=== Records for the exercise ===
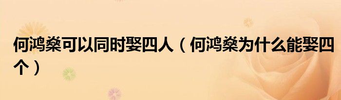 大家好,小晋来为大家解答以下问题,关于何鸿燊可以同时娶四人,何鸿燊为什么能娶四个很多人还不知道,今天让我们一起来看看吧!
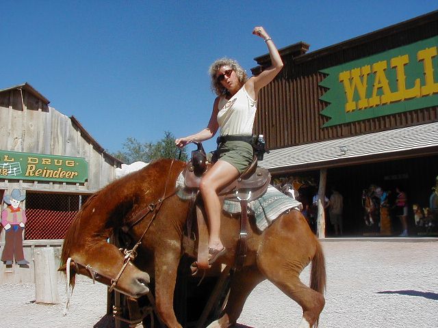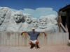 Wall Drug Store is advertised on Billboards for hundreds of miles in each direction along I-90. Therefore, if you're a savvy traveler, you will drive right by. But, we just couldn't. Wall Drugs is a conglomeration of shops, food places, "museums", "art" galleries, and stuff like that, all designed to part the weary tourist with his hard-earned money. They even had a mini Mt. Rushmore which makes the presidents look more like John, Paul, George and Ringo, than George, Tom, Teddy and Abe.
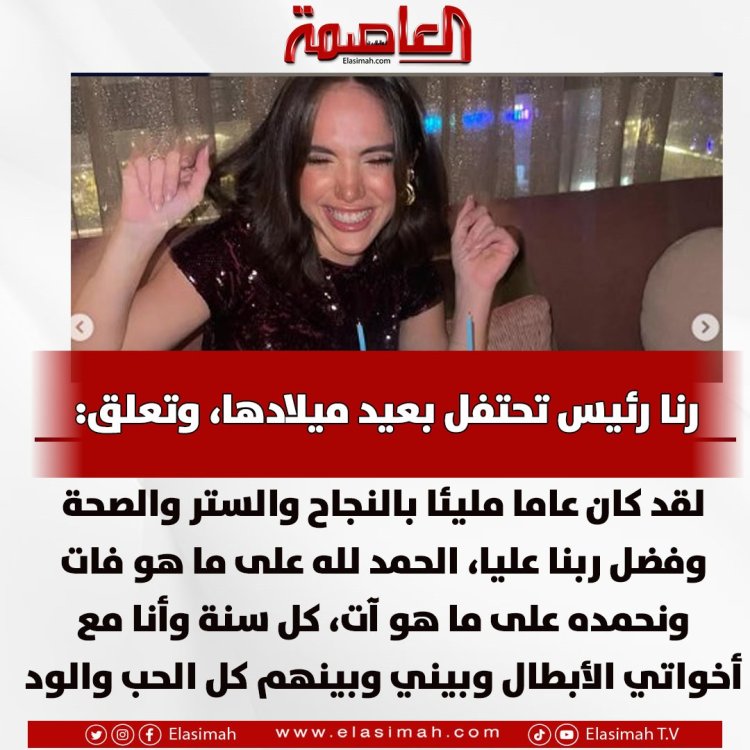 ونشرت رنا رئيس صورًا من احتفالها عبر حساباتها على «إنستجرام» و«فيسبوك»، معلقة:«لقد كان عامًا مليئًا بالنجاح والستر والصحة، وفضل ربنا عليا، الحمد لله على ما هو فات ونحمده على ما هو آت. كل سنة وأنا مع أخواتي الأبطال وبيني وبينهم كل الحب والود».
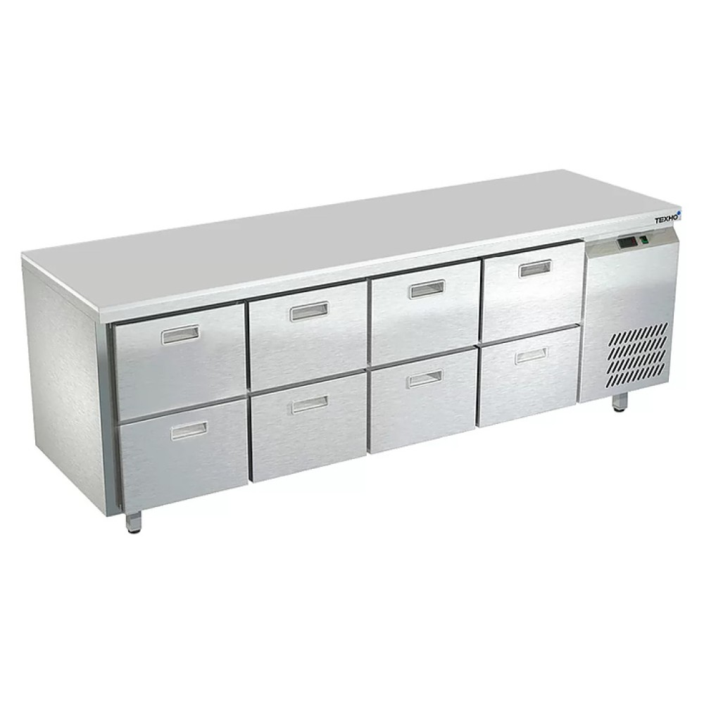 Морозильный стол Техно-ТТ СПБ/М-523/08-2206 предназначен для раскатки теста, обработки, заморозки и долговременного хранения продуктов, полуфабрикатов, напитков и мороженого на предприятиях общественного питания и торговли. Модель оснащена 4 секциями с 8 ящиками, направляющими с доводчиками (Австрия) и круглыми ножками, регулируемыми по высоте на 50 мм (Италия). Корпус выполнен из нержавеющей стали AISI 430, задняя стенка и дно - из оцинкованной стали, столешница - из полипропилена.
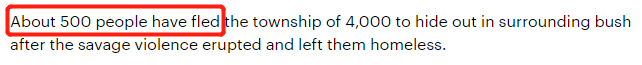 不断的暴力冲突已经让当地大约500人流离失所,母亲带着孩子们背着毯子藏进小镇周边的灌木丛中,席地而睡,等待救助。
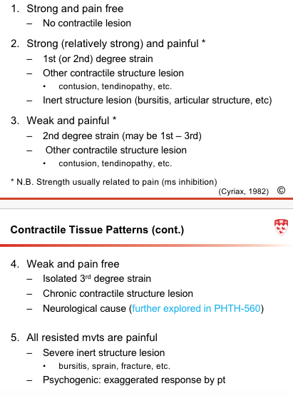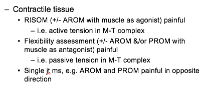 STTT - describe what movements would be painful for contractile tissues put on strain
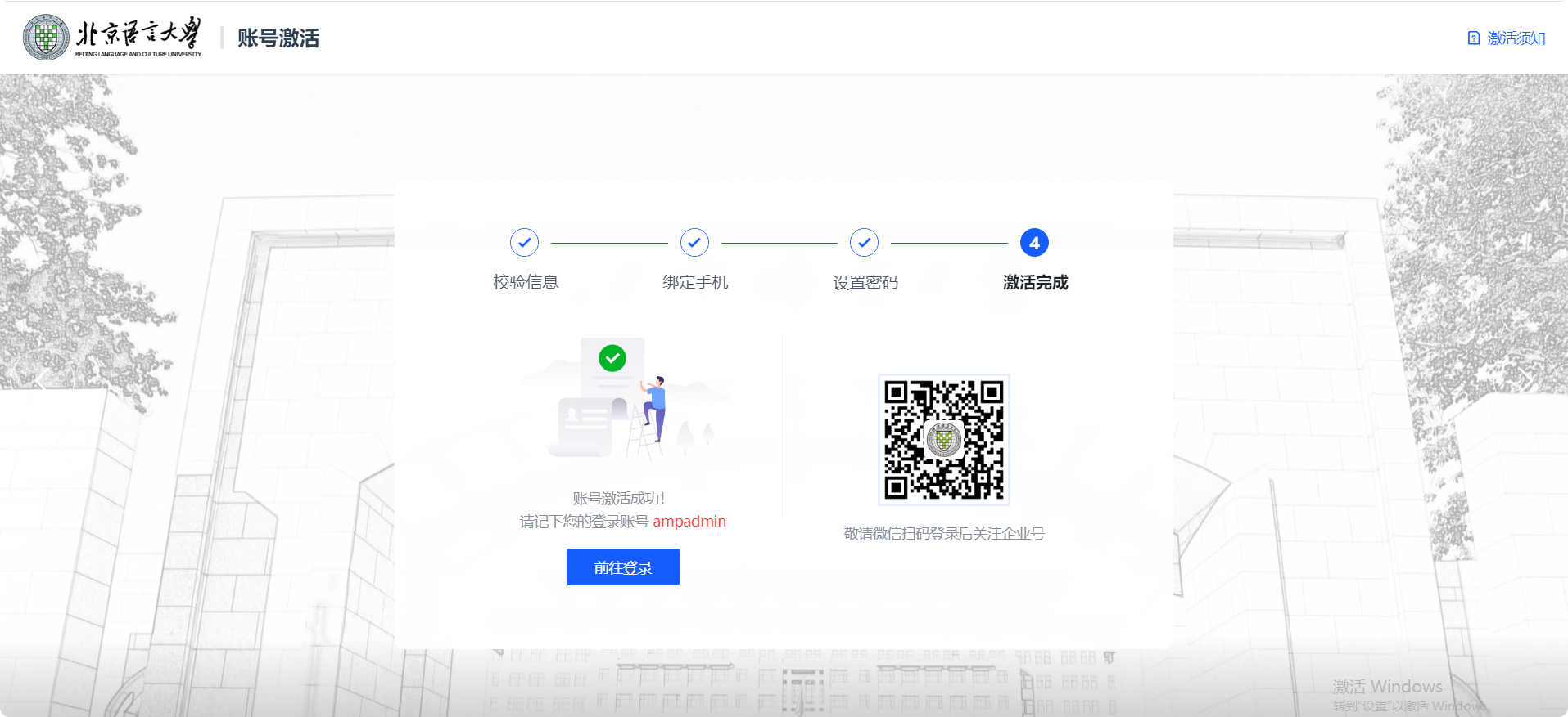 激活完成,请扫描二维码登录后,完成企业微信关注。后续即可通过微信扫码进行登录。
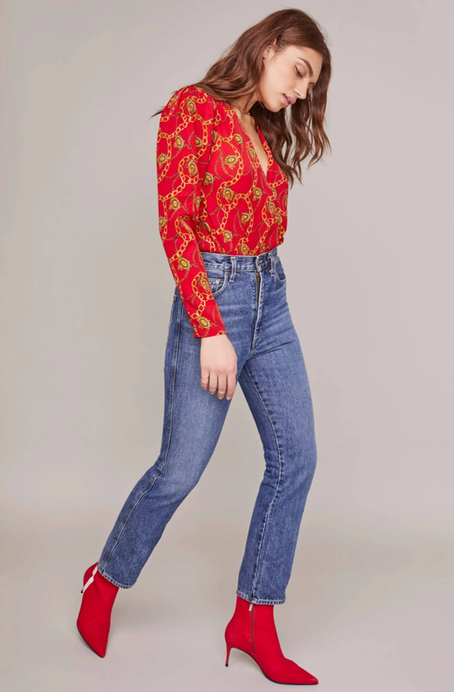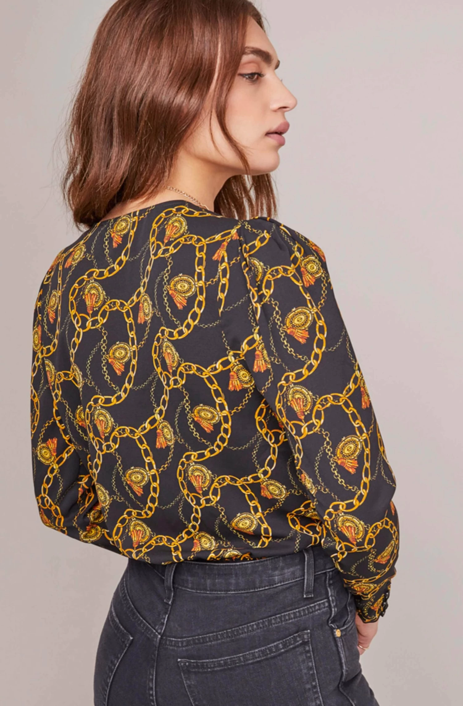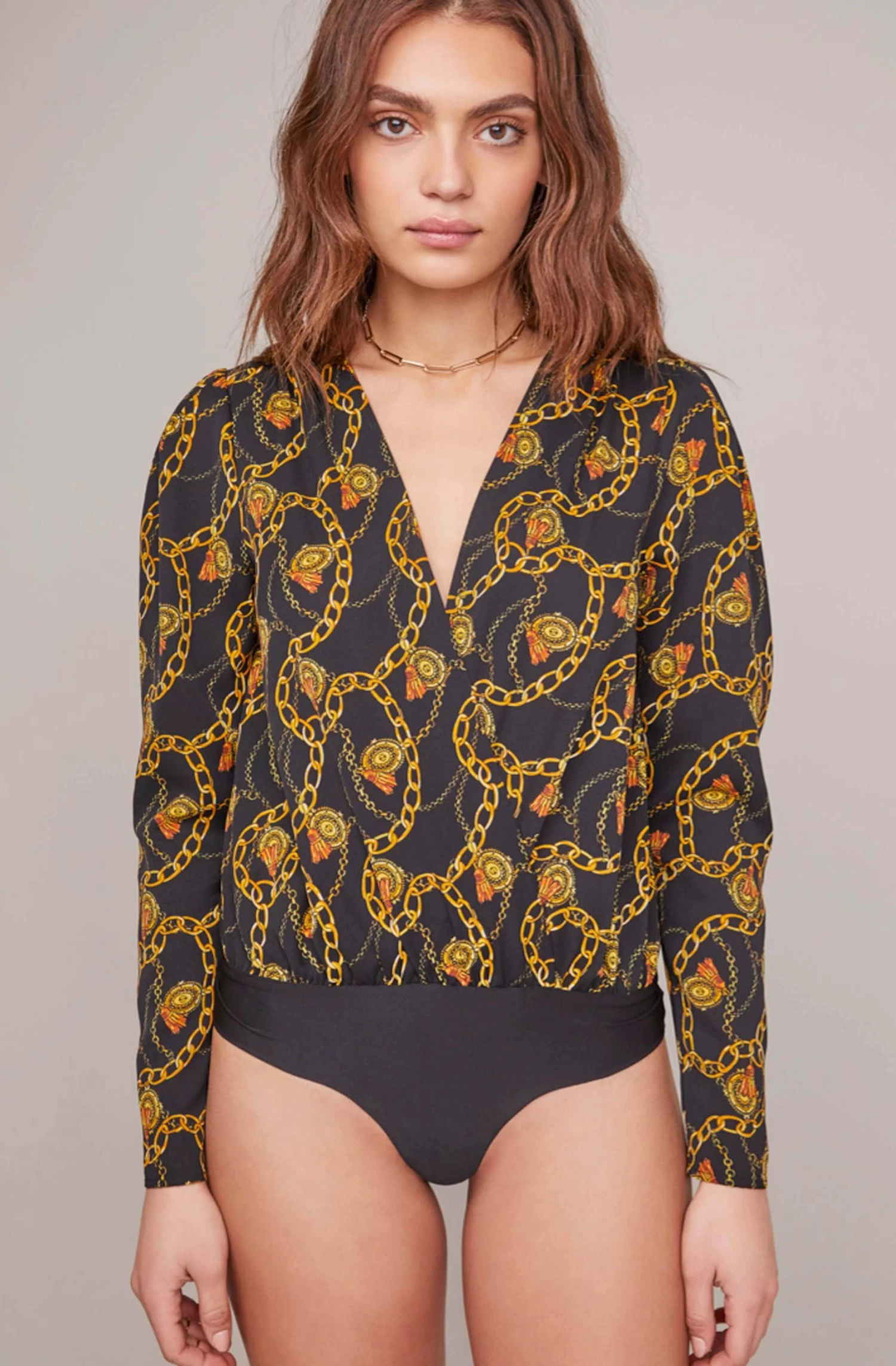 A statement bodysuit keeps your outfits interesting! A plunging V neckline descends to a wrap front and is decorated with an eye-catching chain print. Long sleeves.
===
Only the lines from the start of the records through the line containing "激活完成,请扫描二维码登录后,完成企业微信关注。后续即可通过微信扫码进行登录。" should be repeated, word for word, with the pictures left out.

 大家好,小晋来为大家解答以下问题,关于何鸿燊可以同时娶四人,何鸿燊为什么能娶四个很多人还不知道,今天让我们一起来看看吧!
 Wall Drug Store is advertised on Billboards for hundreds of miles in each direction along I-90. Therefore, if you're a savvy traveler, you will drive right by. But, we just couldn't. Wall Drugs is a conglomeration of shops, food places, "museums", "art" galleries, and stuff like that, all designed to part the weary tourist with his hard-earned money. They even had a mini Mt. Rushmore which makes the presidents look more like John, Paul, George and Ringo, than George, Tom, Teddy and Abe.
 ونشرت رنا رئيس صورًا من احتفالها عبر حساباتها على «إنستجرام» و«فيسبوك»، معلقة:«لقد كان عامًا مليئًا بالنجاح والستر والصحة، وفضل ربنا عليا، الحمد لله على ما هو فات ونحمده على ما هو آت. كل سنة وأنا مع أخواتي الأبطال وبيني وبينهم كل الحب والود».
 Морозильный стол Техно-ТТ СПБ/М-523/08-2206 предназначен для раскатки теста, обработки, заморозки и долговременного хранения продуктов, полуфабрикатов, напитков и мороженого на предприятиях общественного питания и торговли. Модель оснащена 4 секциями с 8 ящиками, направляющими с доводчиками (Австрия) и круглыми ножками, регулируемыми по высоте на 50 мм (Италия). Корпус выполнен из нержавеющей стали AISI 430, задняя стенка и дно - из оцинкованной стали, столешница - из полипропилена.
 不断的暴力冲突已经让当地大约500人流离失所,母亲带着孩子们背着毯子藏进小镇周边的灌木丛中,席地而睡,等待救助。
 STTT - describe what movements would be painful for contractile tissues put on strain
 激活完成,请扫描二维码登录后,完成企业微信关注。后续即可通过微信扫码进行登录。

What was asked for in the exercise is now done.